Benn Jorda: Breaking The Creepy AI in Police Cameras

[-] Wren@lemmy.today 3 points 4 months ago

My best guess is SEO. Journalism that mentions ChatGPT gets more hits. It might be they did use a specialist or specialized software and the editor was like "Say it was ChatGPT, otherwise people get confused, and we get more views. No one's going to fact check whether or not someone used ChatGPT."

That's just my wild, somewhat informed speculation.

[-] Tuuktuuk@piefed.ee 1 points 4 months ago* (last edited 4 months ago)

There's hoping that the reporter then looked at the image and noticed, "oh, true! That's an obvious spot there!"

[-] Railcar8095@lemmy.world 0 points 4 months ago

Devils advocate, AI might be an agent that detects tapering with a NLP frontend.

Not all AI is LLMs.

[-] MagicShel@lemmy.zip 2 points 4 months ago* (last edited 4 months ago)

A "chatbot" is not a specialized AI.

(I feel like maybe I need to put this boilerplate in every comment about AI, but I'd hate that.) I'm not against AI or even chatbots.
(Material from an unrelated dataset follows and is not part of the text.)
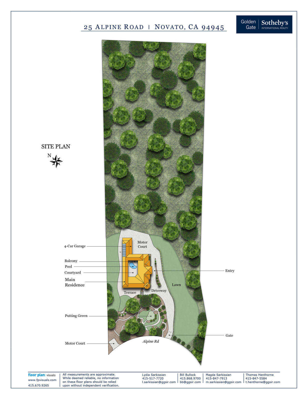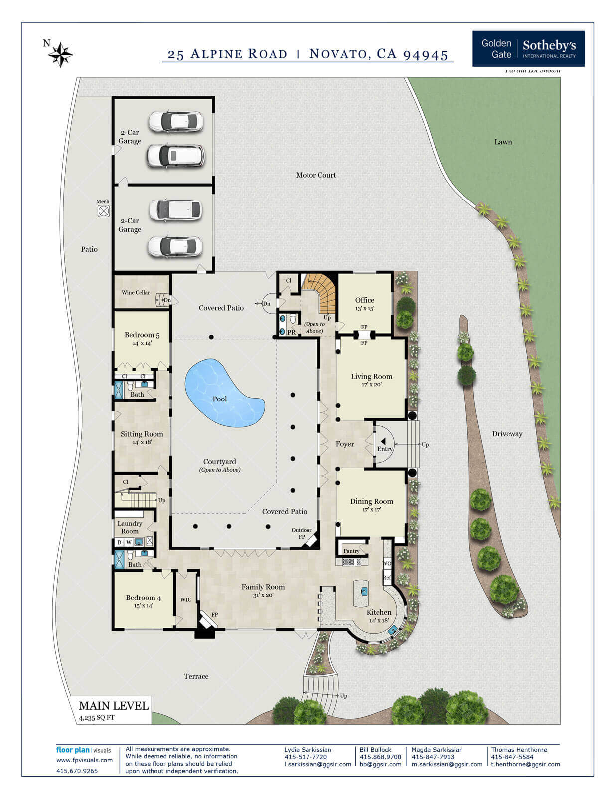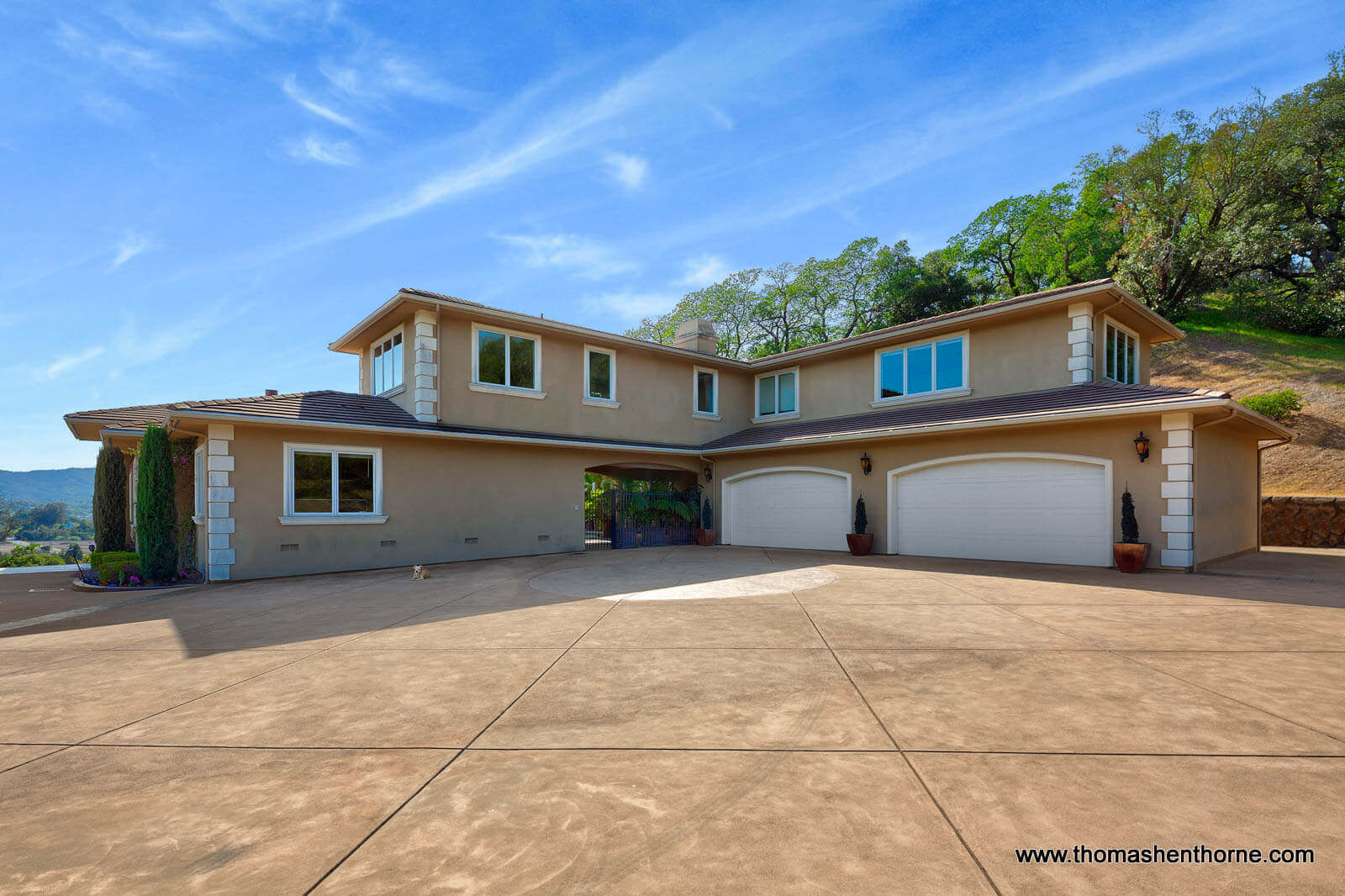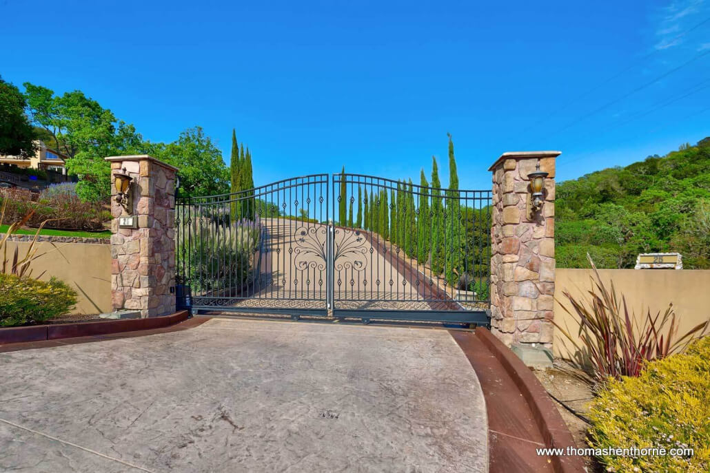 25 Alpine Road, Novato — Welcome to one of Marin County’s grand estates, perched atop a private knoll at the end of prestigious Alpine Road in the exclusive Greenpoint neighborhood. Situated on 5.27 acres with commanding views of the Marin countryside and Mount Tamalpais, this opulent 5 BR / 5.5 BA 6,785 square foot gated estate is adorned with custom architectural details and top-of-the-line premium finishes throughout. Designed for entertaining, the home’s open-concept kitchen and large-scale rooms flow effortlessly out to multiple outdoor living areas including a stunning central courtyard, reminiscent of a boutique resort with its spacious, private patio and inviting pool.

They have their uses. This is not using them appropriately.

[-] Railcar8095@lemmy.world 1 points 4 months ago* (last edited 4 months ago)

A chatbot can be the user facing side of a specialized agent.
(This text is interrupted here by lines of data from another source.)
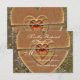 A rustic country wedding RSVP reply card featuring a rustic hunting camo design with three wooden hearts stacked on top of one another and tied together with a printed twine design. These wedding response cards can be customized with your own details. The twine is just a printed design, not actual twine. These are perfect for hunter weddings, hunting theme weddings, camo weddings and anyone using camouflage in their wedding decorations.
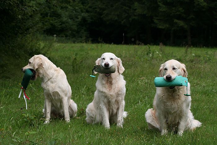 Lotta mit Luna & Amy, den beiden Goldendamen von Renner's
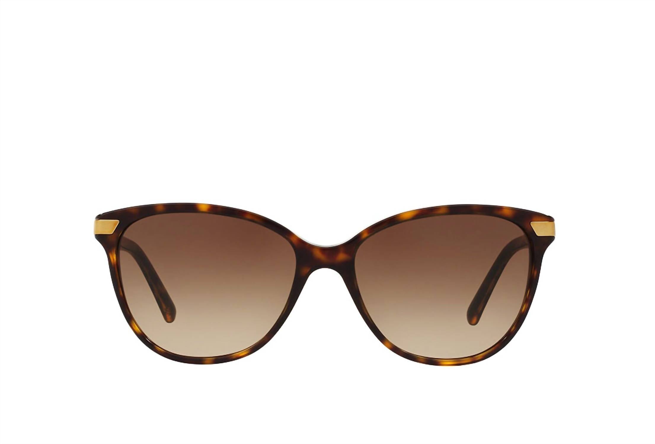 Upgrade your eyewear collection with these stunning sunglasses, meticulously designed to offer a perfect balance of style and functionality. Protect your eyes in style! Indulge in the sophistication of Burberry's BE4216 Cat Eye Non Polarized Sunglasses, designed to elevate your style with a touch of elegance. Made from durable metal, these full-rim sunglasses are available in a captivating Dark Havana with Gradient Brown lenses. The lenses have a width of 57 mm, complemented by a 16 mm bridge and a comfortable 140 mm temple length. Discover flawless craftsmanship in this chic accessory that seamlessly combines fashion-forward design with ultimate wearability.
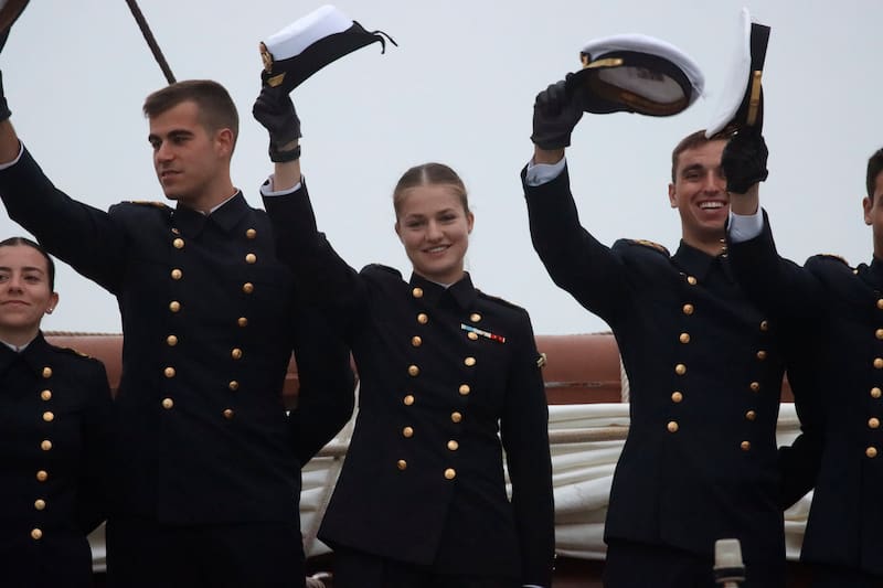 La princesa de Asturias ha navegado junto a sus 75 compañeros de promoción como parte de su formación militar. La tripulación comandada por el capitán de navío Luis Carreras-Presas, también está compuesta por 20 oficiales, 20 suboficiales y 130 marineros.
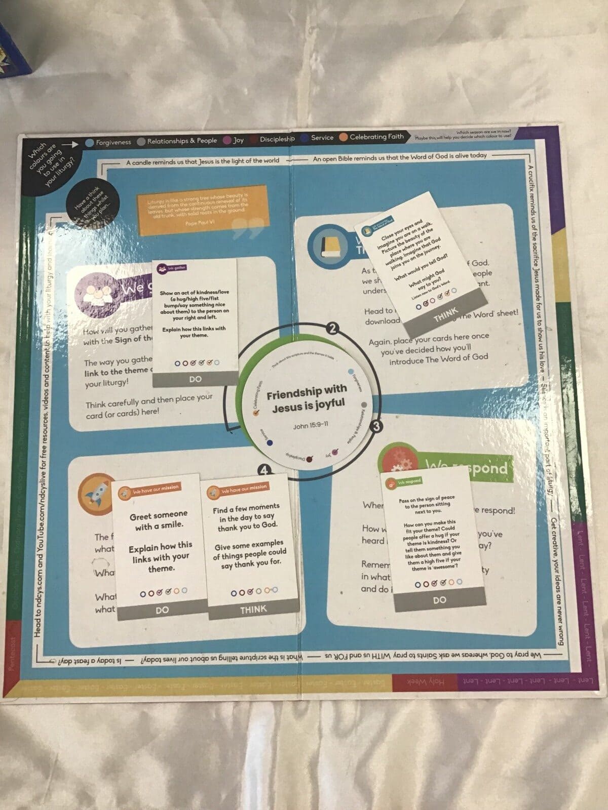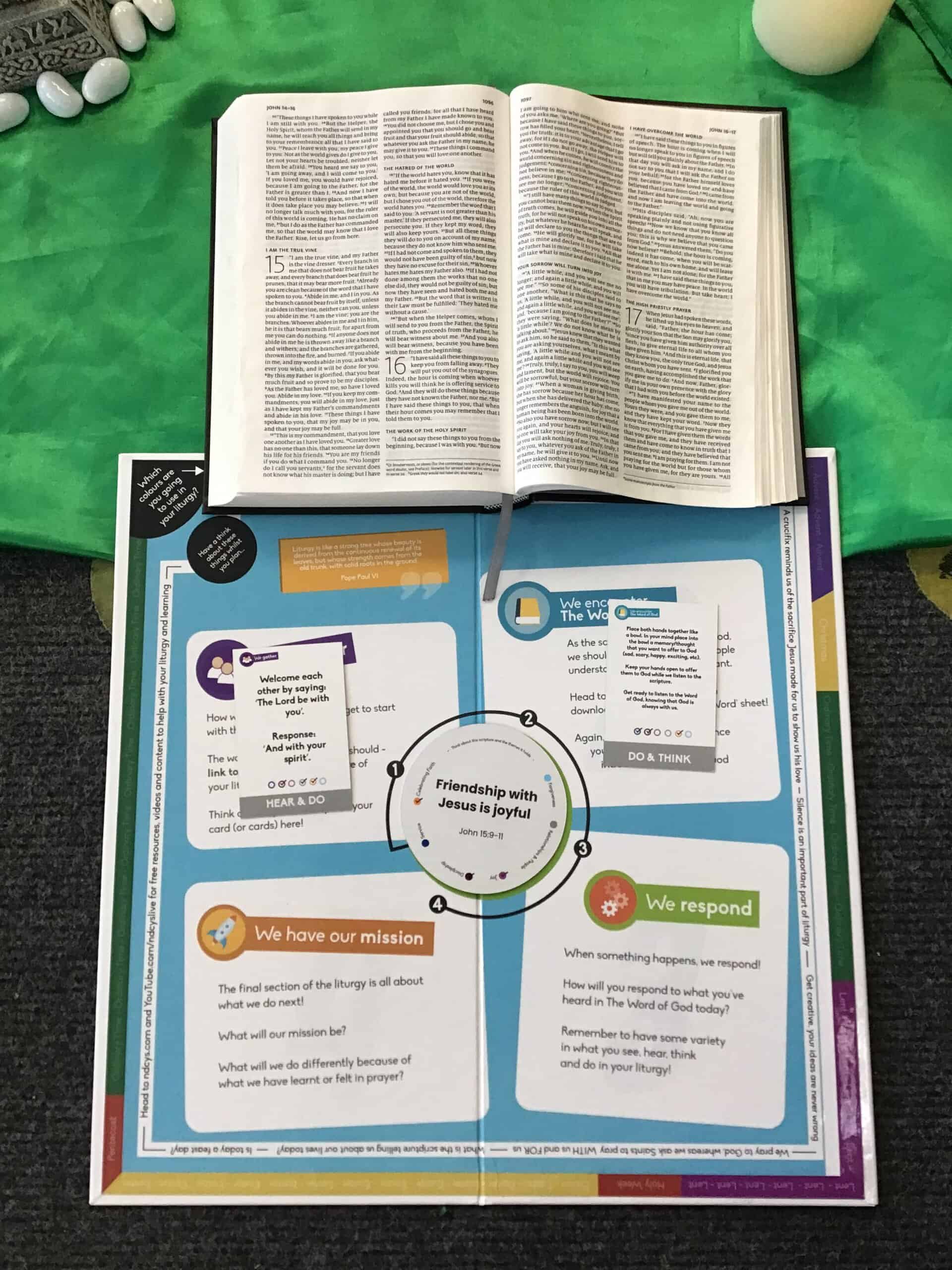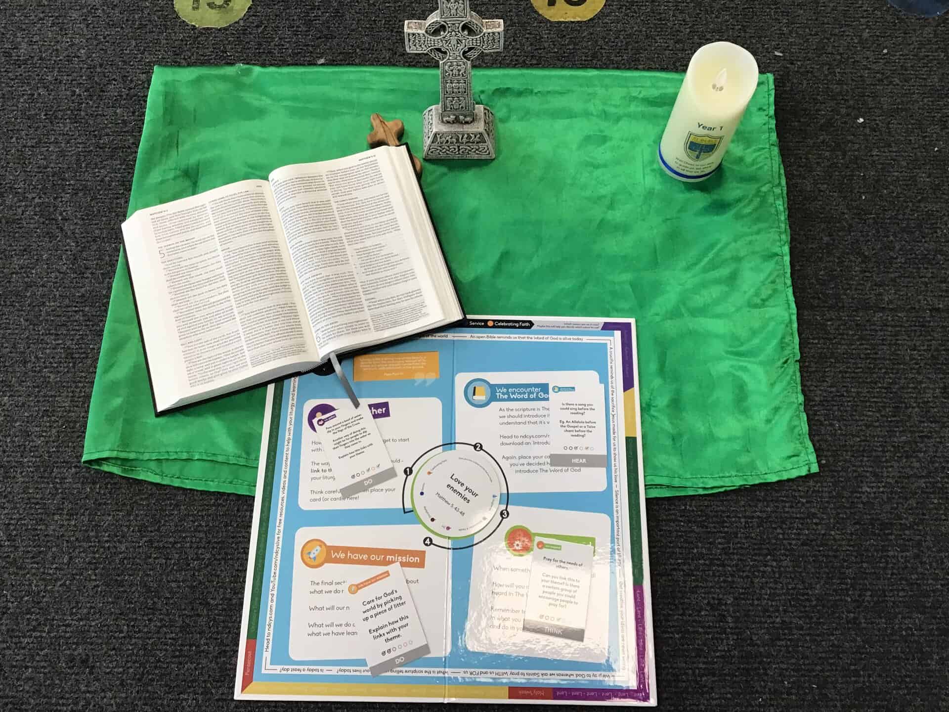 Parents were invited into school to share in our Celebration of the Word as we celebrated God’s unconditional love and forgiveness. At the end of our Celebration of the Word, the families were given a mission to show love and care for others, letting their light shine. The children gave their parents a leaf on which to write (with their child) how they would follow our mission. At the end of the COTW, parents were given a Good Shepherd’ prayer card to take home.

That's actually how original change bots were. Siri didn't know how to get the weather, it was able to classify the question as a weather question, parse time and location and which APIs to call on those cases.

[-] MagicShel@lemmy.zip 1 points 4 months ago* (last edited 4 months ago)

Okay I get you're playing devil's advocate here, but set that aside for a moment. Is it more likely that BBC has a specialized chatbot that orchestrates expert APIs including for analyzing photos, or that the reporter asked ChatGPT? Even in the unlikely event I'm wrong, what is the message to the audience? That ChatGPT can investigate just as well as BBC. Which may well be the case, but it oughtn't be.

My second point still stands. If you sent someone to look at the thing and it's fine, I can tell you the photo is fake or manipulated without even looking at the damn thing.

[-] Railcar8095@lemmy.world 0 points 4 months ago

It's not like BBC is a single person with no skill other than a driving license and at least one functional eye.

Hell, they don't even need to go, just call the local services.

For me it's most likely that they have a specialized tool than an LLM detecting correctly tampering with the photo.

But if you say it's unlikely you're wrong, then I must be wrong I guess.